Arlequin se présente comme mal à l’aise dans son personnage et
se révolte contre bon nombre de ses interprétations. S’exprimant
tour à tour en anglais, russe, allemand, espagnol, italien et français,
s’attaquant à Marivaux (prononcer Marivoxe), Arlequin en vient même
à se plaindre de l’acteur qui est en train de l’interpréter
devant nous. Au-delà d’une interprétation originale, c’est une
réflexion sur le théâtre et sur la notion de personnage qui nous
est proposée.
Quoi
de mieux que cette impressionnante salle de garde pour accueillir
cette autre partie du festival qui regroupe le cirque, les
marionnettes et le spectacle déambulatoire de Léa Dant. Le 20
juillet, Philippe Ménard nous raconte l’histoire du jonglage en
alliant son art à la chorégraphie et à l’image filmée. Le 27
juillet, les marionnettes de Daniel Keene nous offre une réflexion
sur le souvenir avec un spectacle intitulé La Pluie.
Enfin, le samedi 4 août, Léa Dant propose à ceux qui le
souhaitent un parcours les yeux bandés au cours duquel le
participant pourra se représenter un texte imaginé par son guide.
Sur
le chemin des rondes, vous tomberez peut-être sur d’étranges
visiteurs.
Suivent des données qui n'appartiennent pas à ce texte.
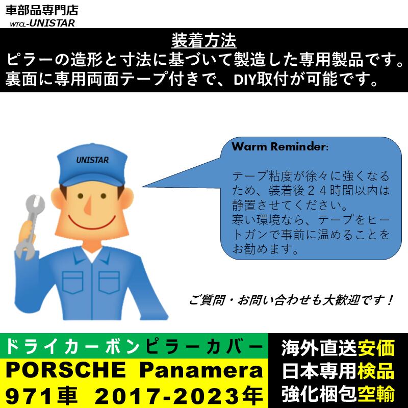 PORSCHE ポルシェ panamera パナメーラ 971 2017-2023年適用 汎用品 センター Bピラー 高級ドライ式カーボンファイバー製 トリム ステッカー トリム 簡単取付 | unistarcar
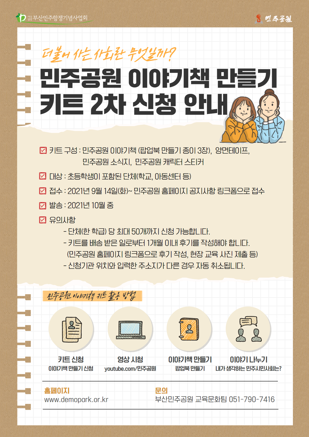 - 첨부파일 : 민주공원 이야기책 만들기 키트 2차 신청 안내_포스터이미지.png (708.0K) - 다운로드
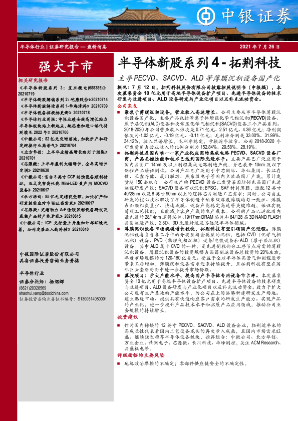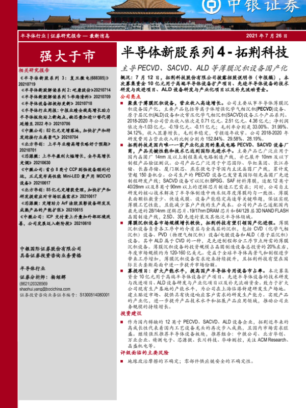 【中银证券】【20210726】半导体新股系列4-拓荆科技:主导PECVD、SACVD、ALD等薄膜沉积设备国产化-19页
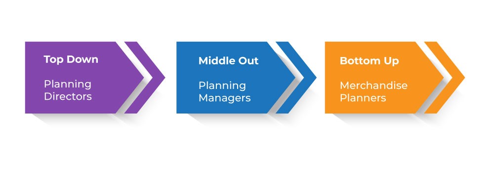 Before delving deeper into MFP, let’s take a quick look at the three fundamental approaches: top-down, middle-out, and bottom-up. The diagram below illustrates the foundational structure of the MFP approach:
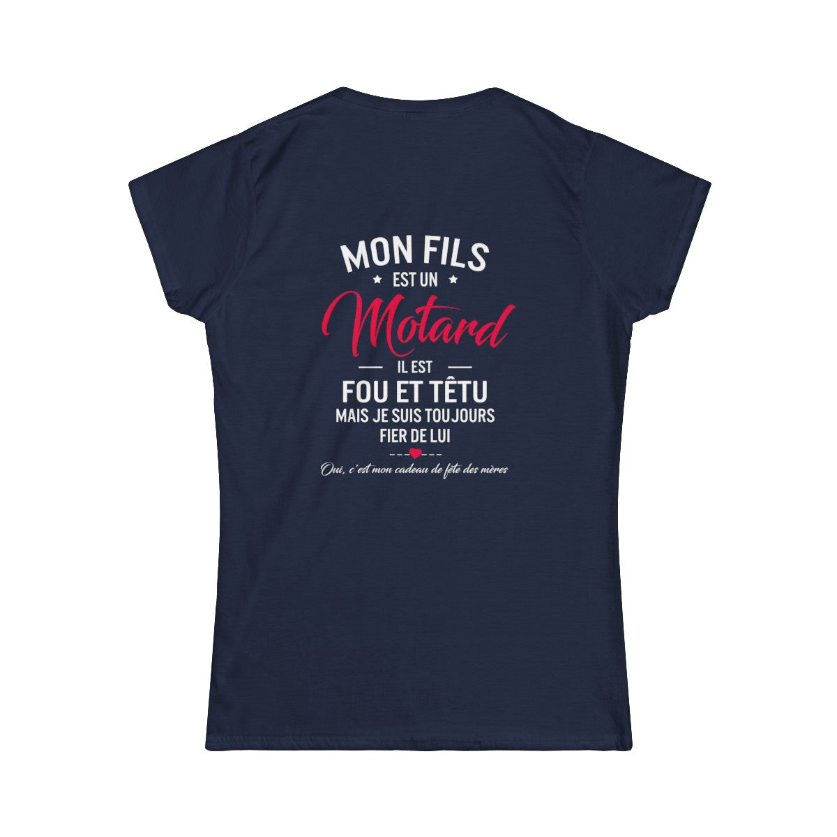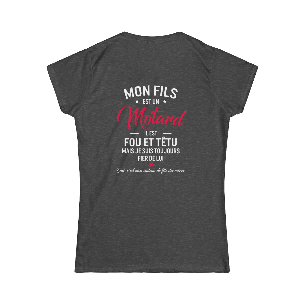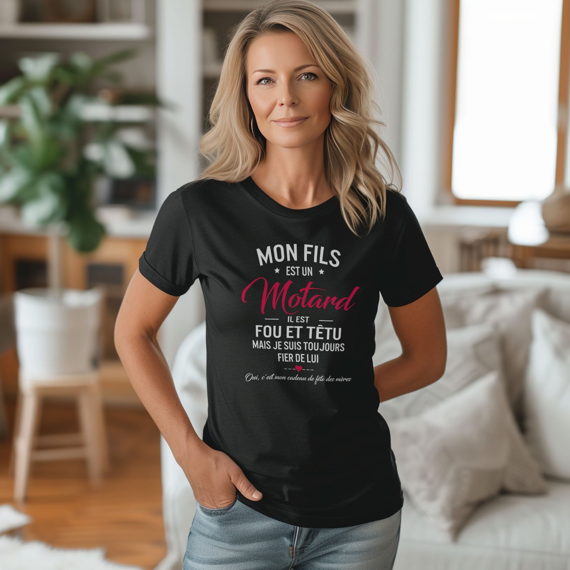 Célébrez le lien spécial entre mère et fils avec ce t-shirt tendance ! Imprimé avec soin, il célèbre la passion de votre fils pour la moto. Portez-le avec fierté et montrez au monde entier votre soutien inébranlable. Un cadeau parfait pour la fête des mères, déclarant avec amour : 'Mon fils est motard et je suis fier de lui.' Exprimez votre admiration pour son courage et son esprit d'aventure à chaque instant

Ce chat ne s’est pas échappé des gargouilles, il est
bien réel et vient rendre visite à cet homme qui marche.
Gilbert
Langlois souhaite faire du château de Pierrefonds le lieu de LA
CITE DES ARTS DE LA REPRÉSENTATION, un lieu d’accueil pour des
artistes résidents, issus tout aussi bien du théâtre que de
l’art contemporain.
Avec
son installation vidéo baptisée Au revoir et à bientôt,
Benoît Périer apporte la première pierre à ce projet. Après une
première expérience dans le métro parisien, ce jeune artiste
tente une fois de plus d’amener l’art à la rencontre du
quotidien. Ici, la poésie, la vidéo et la musique sont les outils
choisis pour traiter de l’âge. Agées de leur mémoire, ces
personnes sont embarquées dans une boucle musicale, leur regard
nous dit Au revoir, à bientôt mais pas encore Adieu.
C’est
la musique qui lie cette œuvre au château. Là où cette femme évolue,
la voix hésitante d’un clochard reprenant un psaume, indéfiniment,
arrive du haut d’un escalier pour tomber à nos pieds. En écho, là
où cet homme marche vers nous, c’est la voix caverneuse de Tom
Waits reprenant ce même psaume qui nous parvient des tréfonds du
château.
Benoît
Périer sera en résidence cet automne pour continuer ce travail et
concrétiser le projet destinant Pierrefonds à devenir LA CITE DES
ARTS DE LA REPRESENTATION. Alors, au revoir Pierrefonds et à bientôt.